We are constantly harping about the fact that we should fight to narrow the social gap in income distribution that creates first class and second class citizens. 

Likewise, it is equally as important to avoid creating first class bureaucrats and second class bureaucrats. Sometimes I believe we even have third class bureaucrats.

This does not mean I am promoting automatic and irrational equality as far as salaries of public officials is concerned. It has much more to do with the identification of the role and the social support given each public servant in order to stimulate his or her pride. 

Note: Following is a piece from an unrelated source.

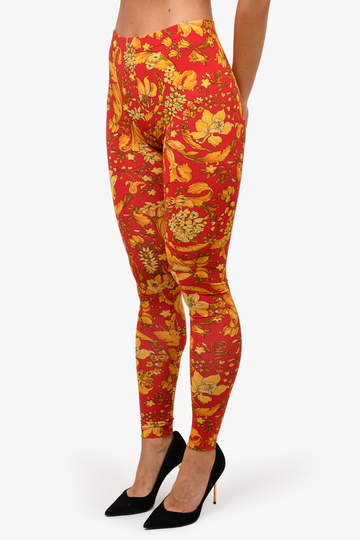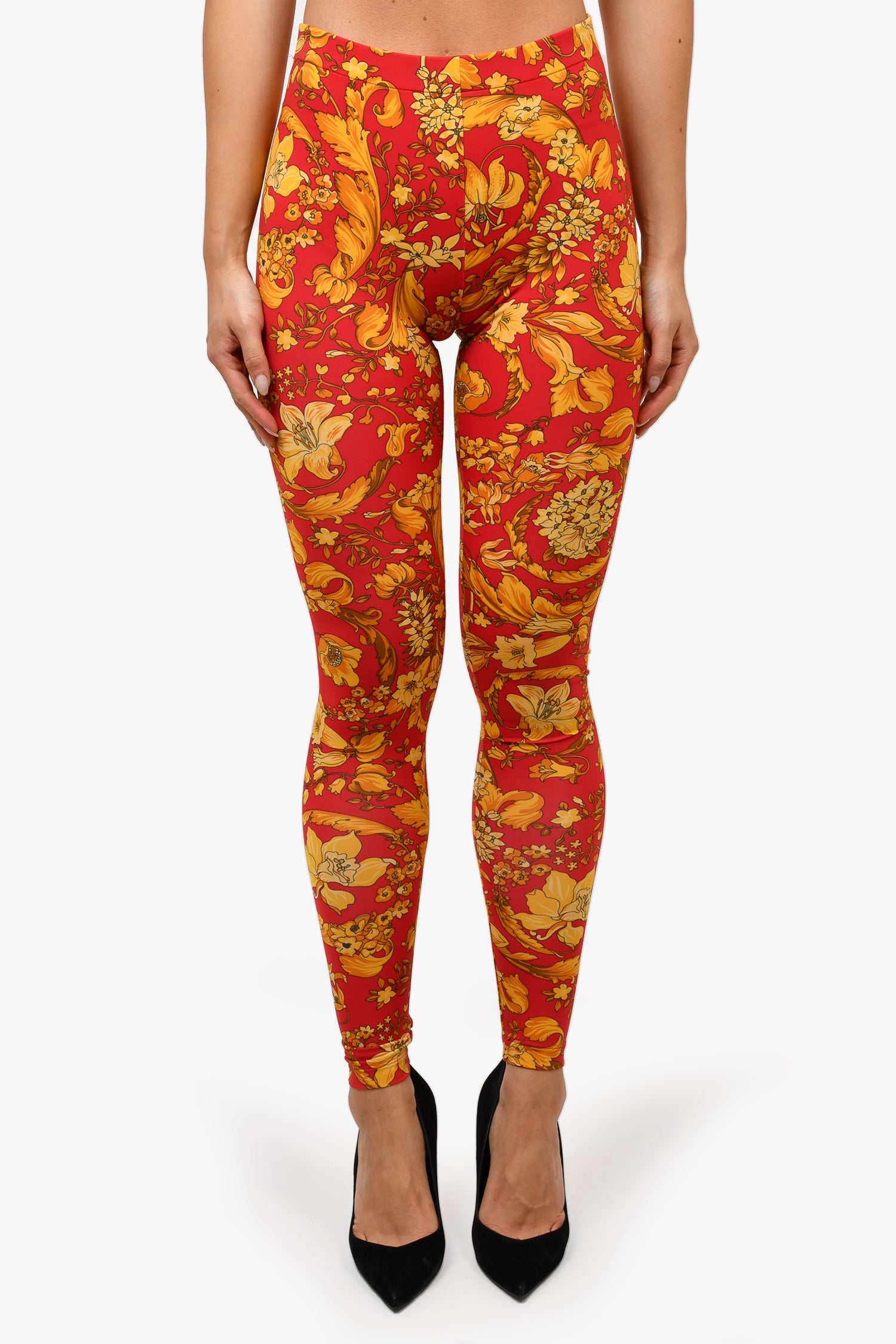 Refresh availabilityVersace Red Floral Printed Leggings. Elasticized waist. Tonal stitching.

He who thinks or feels that other believe his work is not important, or who is actually doing work that is indeed not important and should therefore be eliminated is as incapacitated emotionally as a baseball player who has lost his arms.

In the same way, as we head towards the Constituent Assembly which initiates the debate on the role of the State it is of utmost importance to establish the norms and regulations that require the State to comply with its current responsibilities before it is permitted to accept new ones. 

Should we not do this, we should not be surprised about the capacity of certain sectors to negotiate resources that allow them to incur in new initiatives that normally possess noteworthy or glamorous characteristics at the expense of other that, although no less important, require quiet dedication, day after day, from 9 to 5.

I now wish to share with my readers a nightmare I have over and over again. During the last decades, the Venezuelan State has frittered away an immense amount of resources. 

Thank God that in spite of this, most of the spending occurred in public service sectors and that therefore it did actually leave something, however small, for posterity. Does this mean that if the State actually goes full tilt into privatizing public services (at the behest of ourselves) without having previously negotiated a corresponding reduction in their income, 100% of public spending will be wasted?

The town folk in Pamir did not bat an eyelash when airplanes roared overhead. They did not know that human beings were strapped inside at the controls.

Had they known this, the panic would have been absolute. I sometimes think about the high expectations we have of the privatization processes in Venezuela. Are we by chance also ignorant of the fact that there are human beings in these private companies?

I cannot resist finalizing with a quote that I underlined almost thirty years ago in the before above mentioned book by Koestler. 

“I automatically learned to classify all that is repugnant as an »inheritance from the past», and all that is attractive as the »seed of the future». With the aid of this automatic classification, it was still possible for a European in 1932 to visit Russia and continue to be a communist.”